───── MATERIAL SUPPLIED

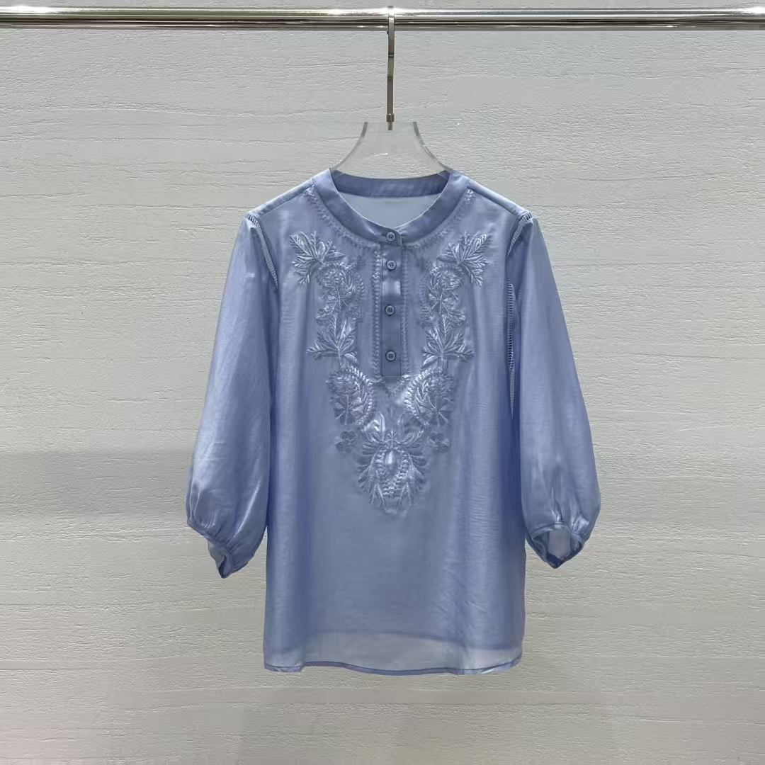 SZ2F50_窃蓝色_衬衫_春夏_立领重工刺绣半开襟灯笼袖七分袖_高级女装_BERNIEELEN 伯妮斯茵
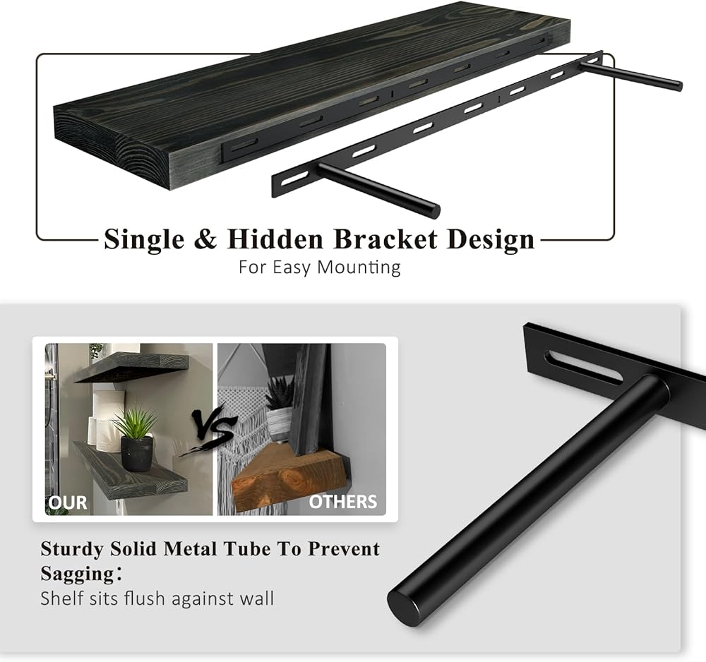 قوي وأفقي: يساعد الأنبوب المعدني الصلب للدعامة وأدوات التثبيت الجدارية المختارة على توفير دعم أفضل للرف العائم، ومنع الترهل، وسيجلس الرف الخشبي لبيت المزرعة على الحائط
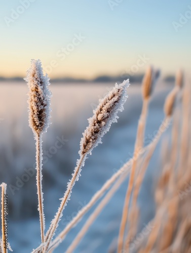 © Thi, Fototapeta premium Frost blankets the landscape as the chill of winter begins to settle in, transforming the scenery into a winter wonderland.
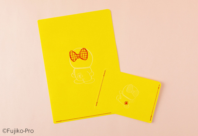 後ろ姿のドラミちゃんをワンポイントであしらった、ワックスペーパーファイルセットも登場。ロウ引きされた上質な紙製のファイルに、透明なレインボー箔がさりげなく光る大人っぽいデザインになっている。
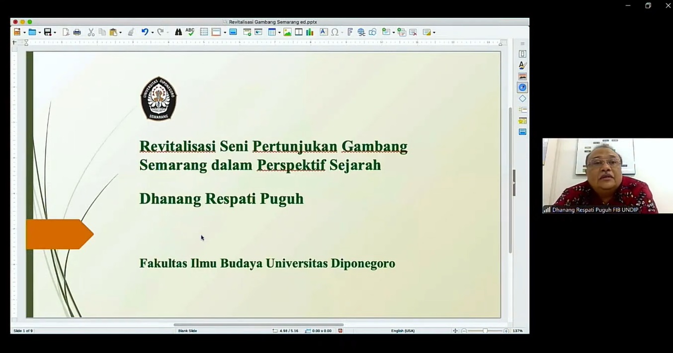 Webinar yang dimoderatori oleh Prof. Dr. Endang Susilowati, M.A. ini mengundang 3 (tiga) narasumber, yaitu Prof. Dr. Mustofa Agung Sardjono, IPU., Guru Besar dari Universitas Mulawarman yang menyampaikan materi tentang Sisipkan Nada dalam Data; Prof. Dr. dr. Hardhono Susanto, PAK Guru Besar dari Fakultas Kedokteran UNDIP yang menjelaskan tentang Hakikat Wayang dalam Tontonan dan Tuntunan; dan Prof. Dr. Drs. Dhanang Respati Puguh, M.Hum. Guru Besar dari Fakultas Ilmu Budaya UNDIP yang menyampaikan materi mengenai Revitalisasi Seni Pertunjukan.
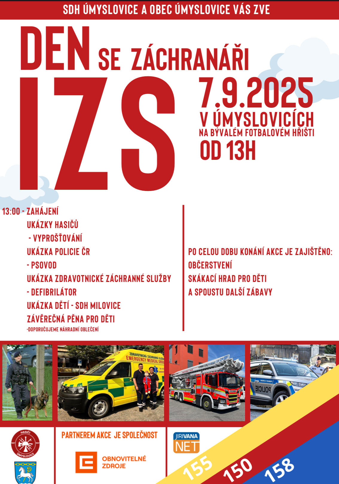 Srdečně Vás zveme na krasnou akci se záchranáři. V neděli 7.9. od 13:00 v Úmyslovicích.
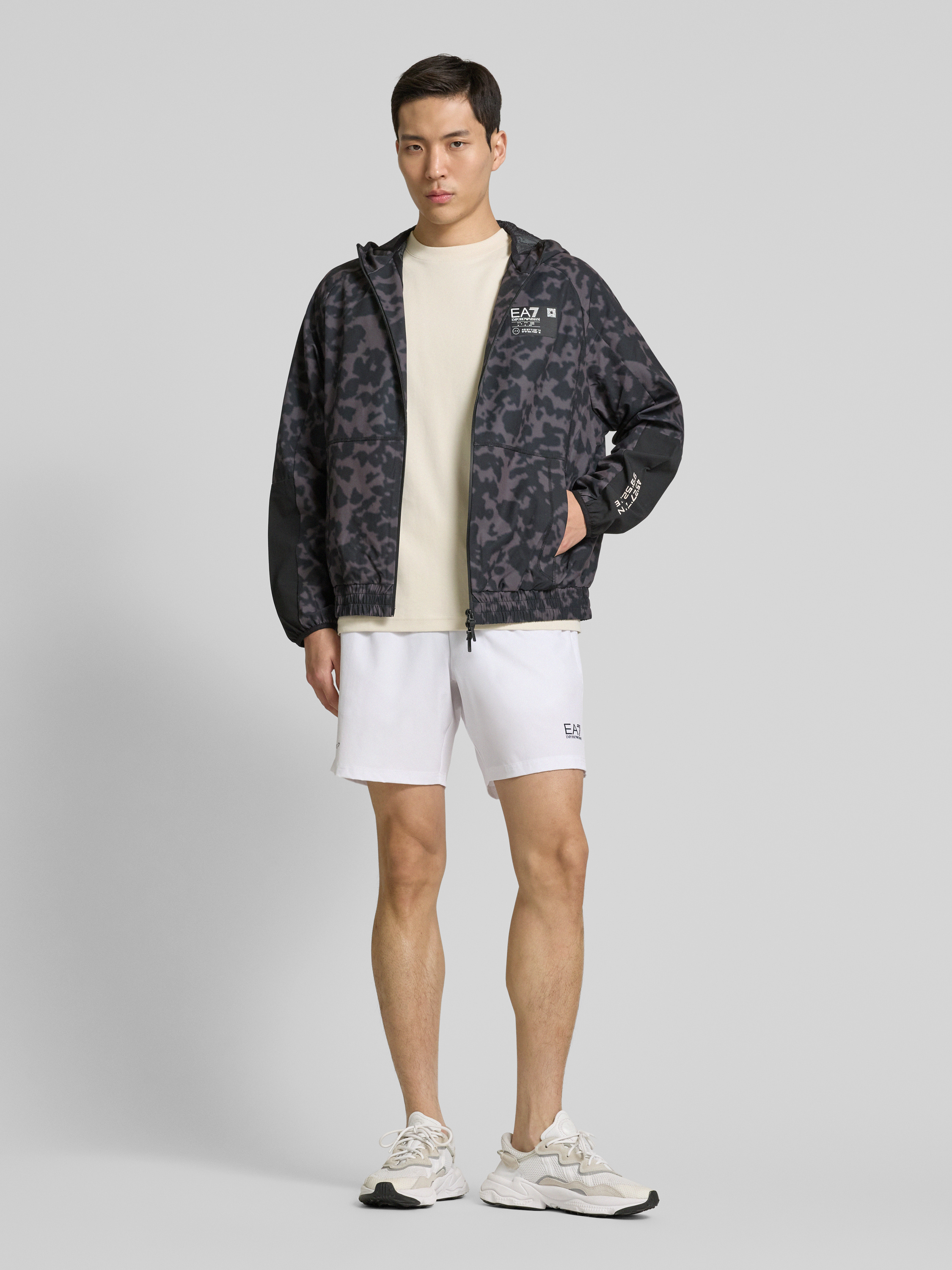 Die EA7 Emporio Armani Sweatshorts bieten durch ihren lockeren Schnitt und den elastischen Bund ein angenehmes Tragegefühl, das Bewegungsfreiheit ermöglicht. Der Material-Mix mit Stretch-Anteil sorgt für zusätzlichen Komfort. Praktische französische Eingrifftaschen runden das Design funktional ab.
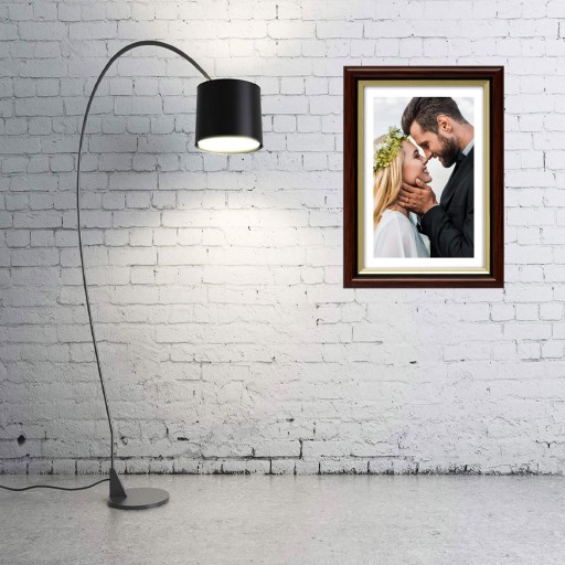 Ramka drewniana VELIA 1903, wąska fotoramka na zdjęcia, plakaty lub rysunki - kolor brązowy ze złotym paskiem
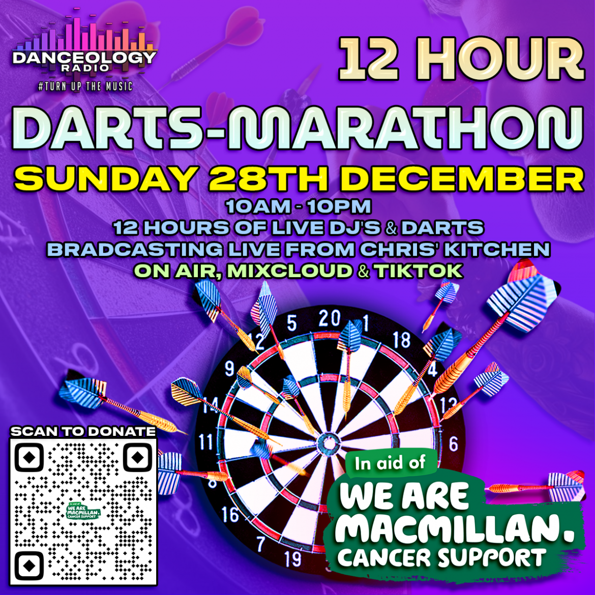 DANCEOLOGY RADIO PRESENTS: 12-HOUR DARTS MARATHON! Get ready for a full day of beats, banter, and bullseyes! Join us Sunday 28th December, 10AM–10PM for 12 hours of live DJs and darts—broadcasting straight from Chris' Kitchen to your ears and screens via Danceology Radio, Mixcloud, and TikTok. This event is in aid of Macmillan Cancer Support—scan the QR code or click the link to donate and make a difference. Music. Darts. […]
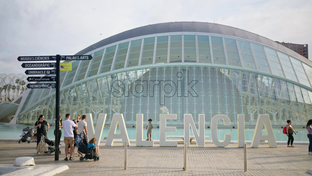 Valencia, Spain – May 28, 2025: White Palau de les Arts letters floating on the pool with the building’s sweeping forms behind Royalty Free Stock Video Footage
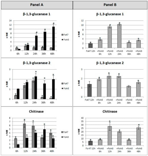 Expression level of β-glucanase 1, β-glucanase 2, and chitinase in flax seedlings treated with non-pathogenic (Fo47) or pathogenic strains of Fusarium oxysporum (Foln3) (panel A) and after sensitizing effects of the non-pathogenic strain treated with pathogenic Foln3 (+ Foln3) (panel B) at 6, 12, 24, 36, and 48 h after inoculation. The data were obtained from real-time RT-PCR analysis. Actin was used as a reference gene and the transcript levels were normalized to the control plant. The data represent the mean ± standard deviations from three biological repetitions. Asterisks mark statistically significant differences (p < 0.05) between the treated samples and their own controls.

──────────

BRIEF
Looking at the listing above, which lines run from the one containing "Ramka drewniana VELIA" through the one containing "Valencia, Spain –"? Print exactly those, ends included, pictures excluded.

SOLUTION TO THE PROBLEM
 Ramka drewniana VELIA 1903, wąska fotoramka na zdjęcia, plakaty lub rysunki - kolor brązowy ze złotym paskiem
 DANCEOLOGY RADIO PRESENTS: 12-HOUR DARTS MARATHON! Get ready for a full day of beats, banter, and bullseyes! Join us Sunday 28th December, 10AM–10PM for 12 hours of live DJs and darts—broadcasting straight from Chris' Kitchen to your ears and screens via Danceology Radio, Mixcloud, and TikTok. This event is in aid of Macmillan Cancer Support—scan the QR code or click the link to donate and make a difference. Music. Darts. […]
 Valencia, Spain – May 28, 2025: White Palau de les Arts letters floating on the pool with the building’s sweeping forms behind Royalty Free Stock Video Footage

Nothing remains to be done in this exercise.